Фактов Толстая будет держаться и в последующем повествовании: это и упоминание горьковатых ягод морошки, и хлопоты Жуковского, вывешивающего «скорбные листы на дверь»8, и Даль, ухаживающий за раненым, и любимое Пушкиным междометное «чорт»9, и лицейское прозвище «Обезьяна», обращенное к Пушкину уже много позже дуэли («старая обезьяна»10), и многое другое.

Изначально избранное противопоставление (дуализм) реального и фантазийного, имевшего место и воображаемого опосредует двухчастную композицию рассказа: как сам сюжет, так и образ главного героя (героев) оказываются парными, двойными, дублетными. Прием противо- и со-поставления оказывается главным организующим приемом рассказа.

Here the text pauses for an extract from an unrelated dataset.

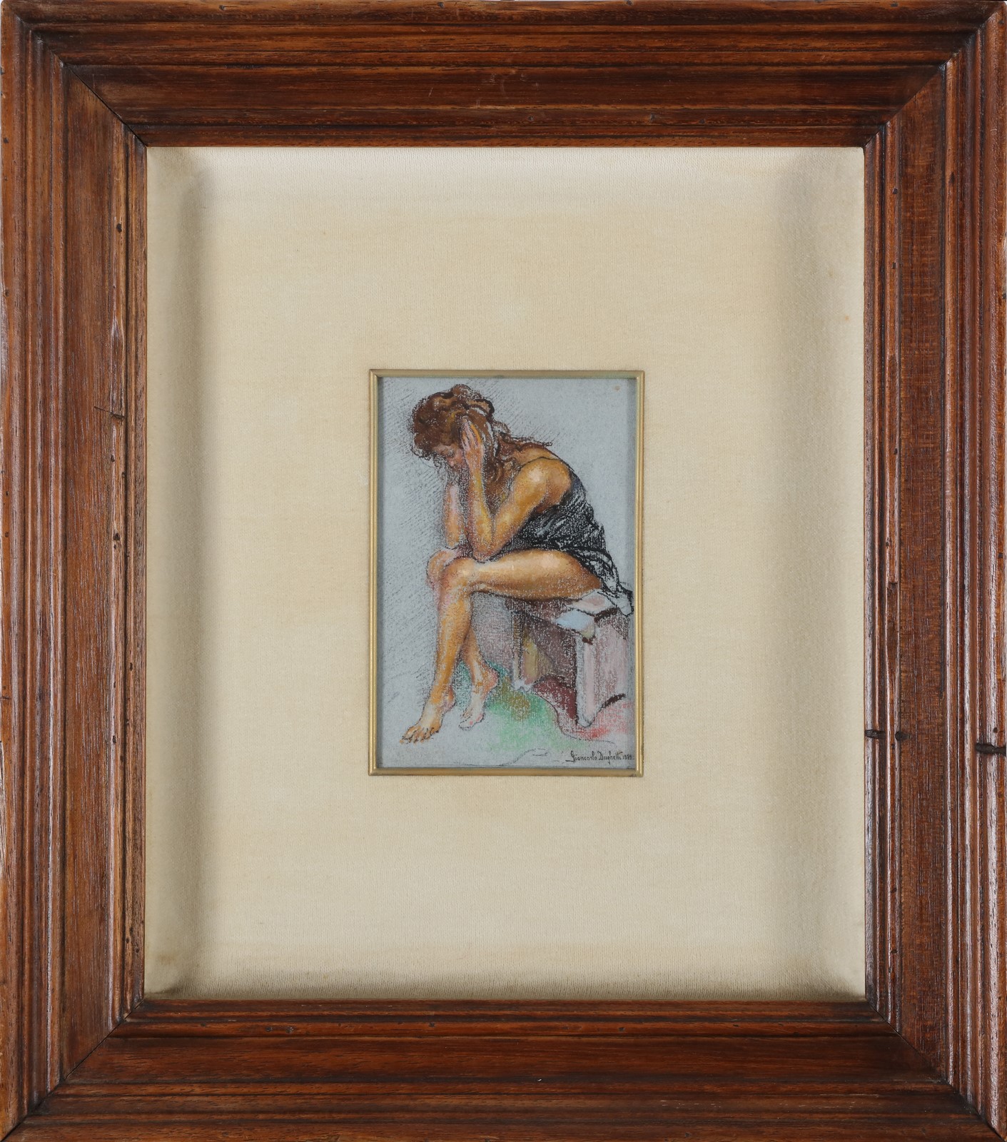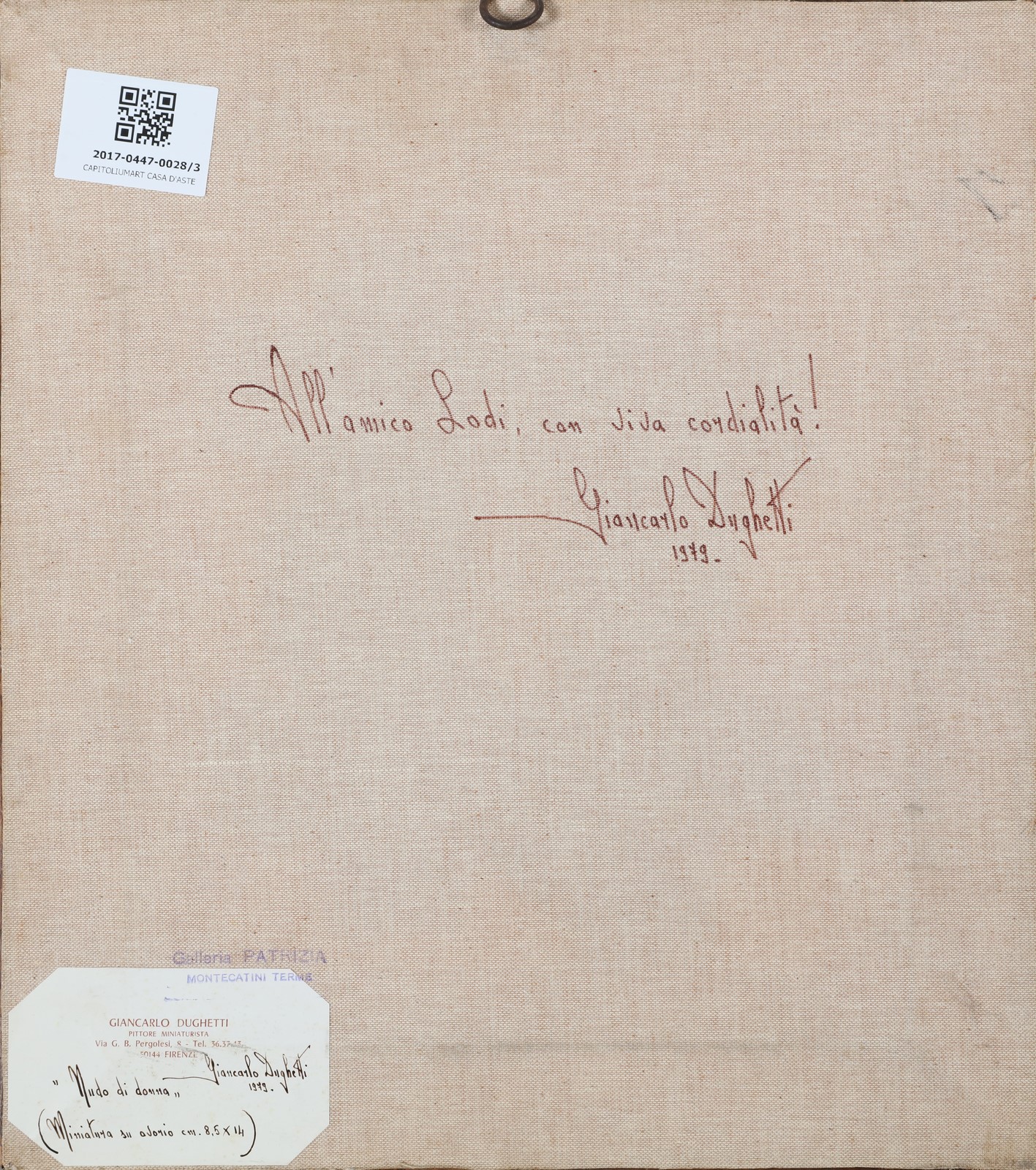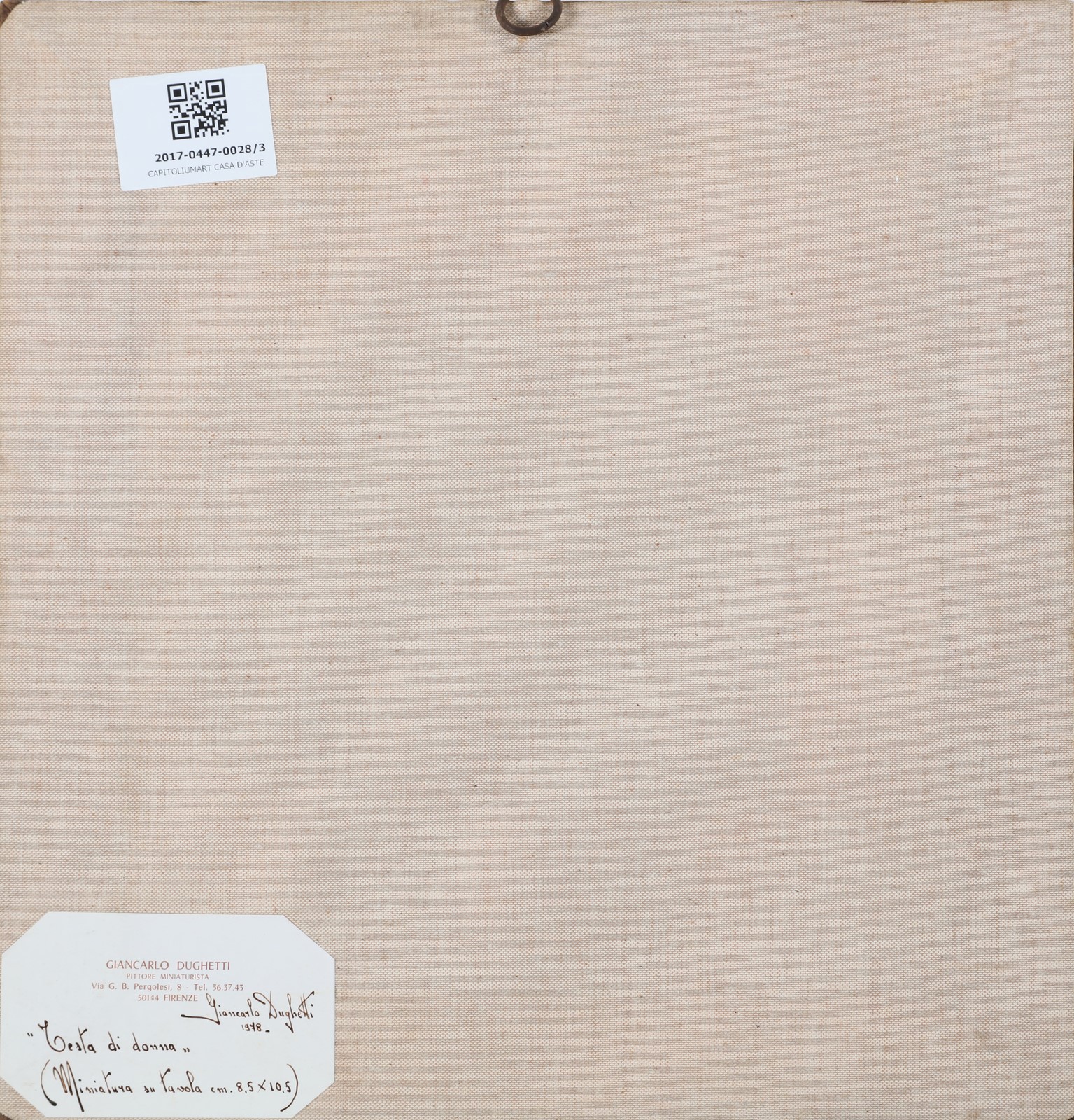 DUGHETTI GIANCARLO (1931 - 1986) Lotto composto da n. 3 miniature. Miniatura. . Testa di donna: miniatura su tavola, firma e anno in basso a destra, 1978, 10x9 cm. Figura di donna: pastello su materiale speciale, firma e anno in basso a destra e al retro, 1979, 15x10cm. Nudo di donna: miniatura su avorio, firma e anno in basso a sinistra e al retro, 1979, 14.5x9 cm. Cornice presente

Параллелизм событий не только угадывается, но подчеркивается автором.

Уже в самом начале рассказа противопарность дает себя знать в судьбах участни-

ков дуэли: Пушкин жив, Дантес убит (кажется, ничто не мешало Толстой оставить своего Дантеса в живых, но тем самым был бы снят контраст и противопоставленность реальности, что не отвечало художественной задаче автора). Толстовское общество пушкинского времени разделяется на две партии — партию убитого и партию раненого («есть чем скрасить зиму, о чем поболтать между мазуркой и полькой»11). Даже не противопоставленные по сути реакции жены и императора в тексте Толстой кажутся разнонаправленными: «Наталья Николаевна в истерике, Николай в ярости»12. Таким образом, двусоставность изображаемых событий задается автором изначально, программируя двойственность (или парность, т. е. взаимозависимость) последующих событий.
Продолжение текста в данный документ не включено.